Mit knappen, beherrschten Worten unterrichtete Eric den Wiedergänger über sein Gespräch mit Ministerialrat Granville.
„Sie sind nun von Ihrer Aufgabe entbunden“, schloss er. „Ich möchte Ihnen aber noch für Ihren außerordentlich mutigen Einsatz danken und kann Ihnen versichern, dass ich Sie in meinem Abschlussbericht lobend erwähnen werde - auch wenn ich fürchte, dass mein unbeherrschtes Verhalten vorhin sich in gewissem Maß auch negativ auf Ihre Beurteilung auswirken wird.“
Ferret gab ein Geräusch von sich, das man mit etwas gutem Willen als ein trockenes Lachen hätte bezeichnen können. Ohne Eric anzusehen sagte er leise: „Meine Beurteilung? Sir, nach unserer Vorstellung bei Dr. Sartorius is es recht müßig, was in meiner Beurteilung stehen wird. Für meine fortgesetzte Existenz is schließlich allein die Beurteilung der Kommission zur Evaluation von Plasmierten ausschlaggebend. Sie dürfen raten, wer dieser vorsitzt, Sir.” Ein kurzer Augenblick verstrich, bevor er hinzufügte: „Aber wissen Sie was? Es spielt keine Rolle, Sir.”
Er wandte seinen Blick von dem unglücklichen Chauffeur ab, der inzwischen dazu über gegangen war, die umstehenden Spötter zu beschimpfen, und sah Eric an. Irgendwie gelang es seinen schwarzen Nagetieraugen, Entschlossenheit auszudrücken. „Dort draußen läuft ein Mörder rum, Sir. Und es sieht so aus, als sei es einer von meiner Art. Wenn heraus kommt, dass wir das wissentlich zugelassen haben, würde ich keine Münze mehr auf meine Zukunft setzen. Auf Ihre übrigens auch nicht, Sir. Gelingt es uns hingegen, den Kerl zu fassen, haben sich unsere Probleme erledigt.”

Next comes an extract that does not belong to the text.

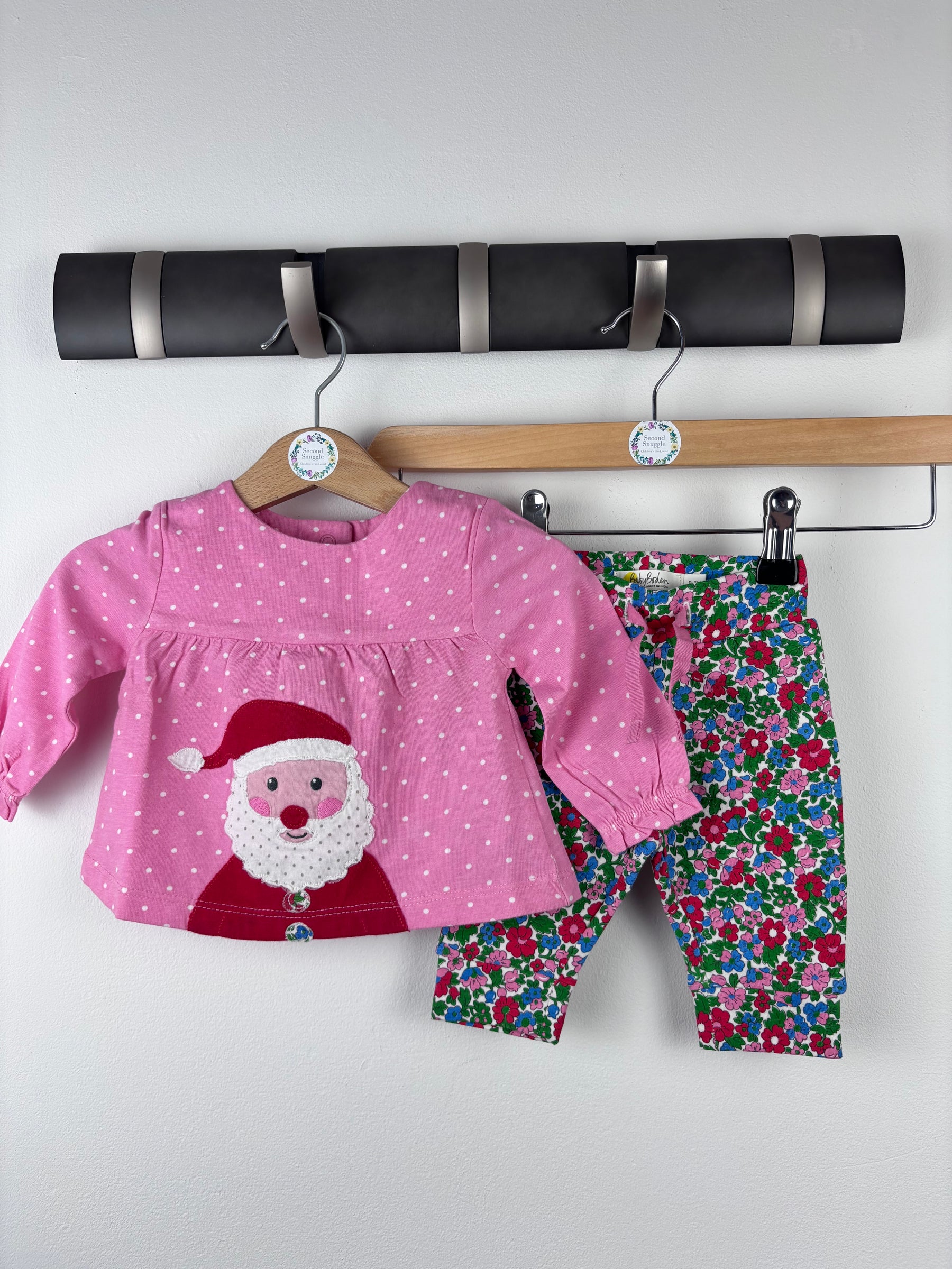 Baby Boden Pink Santa Top and Floral Leggings Set 0–3 Months

Eric musterte den Wiedergänger erstaunt. „Soll das heißen, Sie wollen den Fall weiter verfolgen?”
“Nein Sir”, erwiderte Ferret. „Sie wolln den Fall weiter verfolgen. Ich hingegen bin lediglich ein nicht entscheidungsbefugtes Werkzeug, das Ihnen zur Seite gestellt wurde, um Sie zu unterstützen. Sofern mir diese Aufgabe nicht von offizieller Stelle der Behörde wieder entzogen wird, kann ich doch überhaupt nicht anders handeln. Könnte ich mich Anordnungen der Behörde in dieser Weise widersetzen, wär ich von Dr. Sartorius schon lange als Sicherheitsrisiko ausgemustert worden.”
Der junge Agent starrte seinen Begleiter einen langen Augenblick lang verständnislos an. Dann jedoch lächelte er in plötzlichem Verstehen und nickte.
“Sie sind ein Ehrenmann, Mr. Ferret. Es ist gut, jemanden an seiner Seite zu wissen, der so aufrecht und ehrlich ist, wie Sie.“
Diesmal gab es keinen Zweifel daran, dass der dünne Mann lachte. Dann drückte er den Bowler fester auf seinen Schädel und nickte zur Straße hin. „Wenn Sie es sagen, Sir. Dort kommt unsere Droschke. Wo möchtn Sie als nächstes hin?”

„Zuerst einmal zu Pater Grand“, antwortete Eric und kletterte dem dünnen Mann voran auf den Sitzplatz. „Wenn ich Mister Granville richtig verstanden habe, hat er ihn lediglich schriftlich darüber in Kenntnis gesetzt, dass er einer Spur nachgehen wolle. Und bis jetzt hat er sich noch nicht bei ihm zurück gemeldet.” Er zog eine braune Mappe aus seinem Mantel und hielt sie bedeutungsvoll in die Höhe. „Glücklicherweise weiß ich, wo er zuhause ist.”
„Sie haben die Dossiers gestohlen, Sir? Sie erstaunen mich, Mr. Van Valen.”
„Gestohlen, Mr. Ferret? Wie kommen Sie darauf? Ich habe lediglich noch keine Zeit gefunden, sie zurück zu geben. Das wird zunächst wohl auch noch warten müssen, denn wir haben den Pater ja noch nicht über die neuesten Entwicklungen und Mister Granvilles Anordnungen informiert. Danach werden wir sehen, wie es mit ihm weiter geht. Vielleicht hat er ja etwas Neues herausgefunden und ist bereit, es uns mitzuteilen - falls nicht, haben wir immer noch eine andere Spur, die zu verfolgen sich lohnen könnte.“
Eric gab dem Kutscher ein Zeichen und dieser setzte die Pferde mit einem lauten Knallen seiner Peitsche in Bewegung.

Niemandem fiel die Gestalt auf, die sich jetzt aus der Menge der Schaulustigen heraus löste und den Agenten mit finsterem Blick hinterher sah. Nach einem kurzen Augenblick reglosen Verharrens hob sie die Hand und winkte eine weitere Droschke herbei, um den beiden zu folgen.